2.3 Feature extractionThe study database comprised 91 features, of which 62 preoperative and intraoperative features were selected as early predictive factors for post-intervention DPC in children with PDA undergoing transcatheter closure. Four ML models were established using these early predictive factors for early prediction, as illustrated in Figure 1. Data with a missing rate exceeding 20% were removed and relevant literature was systematically reviewed to identify potential factors to be considered. For variables with a missing proportion of less than 20%, the mode was used to estimate categorical variables and the mean was used to estimate continuous variables. Features with statistical significance (P < 0.05) in the univariate tests were initially selected to minimise potential overfitting caused by high-dimensional features and then extra tree algorithm was used to select low-dimensional features for model construction (14, 15). Ultimately, six features were chosen to construct the ML model (Figure 2).

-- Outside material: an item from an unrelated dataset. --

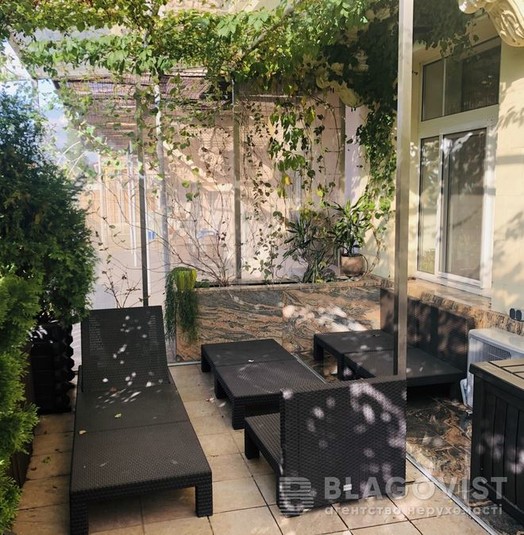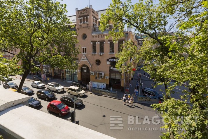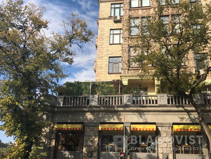 Квартира площею 100 кв. м розташована на вул. Хрещатик, 29 на третьому поверсі шестиповерховго будинку. Із помітних переваг помешкання – власна простора тераса площею 60 кв. м.

Figure 1. Flowchart depicting the design and analysis process of the machine-learning model for predicting decline in platelet count following interventional closure of patent ductus arteriosus in children. RF, random forest; XGB, extreme gradient boosting; LR, logistic regression; ADA, adaptive boosting; SHAP, SHapley Additive exPlanation.

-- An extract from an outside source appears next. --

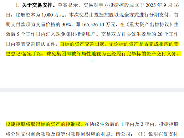 11月20日晚间,拟55.18亿元甩卖亏损地产业务的免税行业龙头公司珠免集团(600185)(前身"格力地 产",5月8日证券简称正式变更为"珠免集团")公告披露,公司收到上海证券交易所《关于对珠海珠免 集团股份有限公司重大资产出售暨关联交易草案的问询函》。 根据10月21日晚间公告,珠免集团计划以现金方式向关联方珠海投捷控股有限公司出售子公司珠海格力 房产有限公司100%股权,交易价格为55.18亿元,本次交易构成重大资产重组。 值得一提的是,这一动作距离珠免集团2024年12月31日完成重大资产置换,过去了近10个月时间。在此 前的业绩会上,珠免集团管理层承诺,将在"五年内逐步去化存量房地产业务并整体退出"。此次转让格 力房产100%股权,也是珠免集团兑现此前承诺的重要一步。 读创财经注意到,珠免集团急于剥离地产业务的背后,是持续亏损的业绩压力。 草案显示,交易对手方投捷控股成立于2025年9月16日,注册资本为1000万元。本次交易由投捷控股以 现金方式进行分期支付,首期支付款项为交易价格的30%,即165,526.10万元,在《重大资产出售协 议》生效后5个工作日内汇入珠免集团指定账户。交易双方自协议 ...

Figure 2. Extra tree selection predictive features. PAH, pulmonary arterial hypertension; PAP, pulmonary artery pressure.
2.4 Model construction and interpretationThe model construction involved the utilization of the following four supervised machine learning algorithms: logistic regression (LR), adaptive boosting (ADA), random forest (RF) and extreme gradient boosting (XGB). The models were evaluated using area under the curve (AUC) (16). Extra tree algorithm was applied to optimize the model parameters for each algorithm. SHAP was employed to interpret the ML models. Based on cooperative game theory, this method treats each feature variable in the dataset as a player and fairly allocates the cooperative gains by considering each player's contribution to the cooperative outcome, which, in this case, is the prediction result obtained by training the model. In this study, SHAP was applied to observe the effect of each feature on the prediction outcome during the prediction process (17).

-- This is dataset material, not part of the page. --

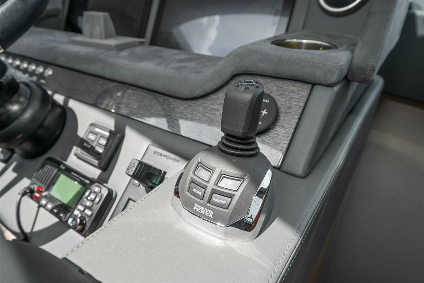 Volvo Penta Assisted Docking System with proportional bow thruster (new for 2023). Big game changer for joystick docking. The boat will maintain its fixed position but actively let you move it with the joystick all while counteracting wind and current.

2.5 Statistical analysisIn this study, we conducted data cleaning using Python (Anaconda distribution, version 3.8) with Pandas (version 1.5.3) and NumPy (version 1.23.5) libraries. Feature selection was performed using the extra tree algorithm, and base models including RF, XGB, LR, and ADA were built using the Scikit-learn package (version 1.2.1). Model interpretation was accomplished using SHAP. Statistical analysis was carried out with SPSS 26.00. Continuous variables with a normal distribution were presented as mean ± standard deviation and analyzed using independent sample t-tests. Non-normally distributed variables were described by quartiles and analyzed using the Kruskal-Wallis-test. Categorical variables were expressed as frequency proportions, and group differences were assessed using Chi-squared or Fisher's exact tests. Significance was defined as P < 0.05.
3 Results 3.1 Basic characteristicsA total of 330 children with PDA who underwent successful transcatheter closure were included in this study. Amongst them, 113 cases (34.2%) experienced DPC after the intervention, with 6 cases having an absolute platelet count <100 × 109/L and 2 cases having an absolute platelet count <50 × 109/L. Between the latter 2 cases, one exhibited skin bleeding and another showed skin and gingival bleeding. However, neither of them experienced visceral bleeding nor death. Table 1 presents the baseline characteristics of all children. In the NO-DPC group, the baseline platelet count was 305 × 109/L, with a platelet count change of 39 × 109/L. Meanwhile, in the DPC group, the baseline platelet count was 358 × 109/L, with a platelet count change of 111 × 109/L. The children who developed DPC after the intervention were younger, lighter in weight, had higher brain natriuretic peptide levels (NT-BNP) and had faster pulmonary valve velocities. Factors, such as size of defect, residual shunt, and pulmonary artery hypertension (PAH) were identified as risk factors for DPC. The differences between the two groups were statistically significant (P < 0.05).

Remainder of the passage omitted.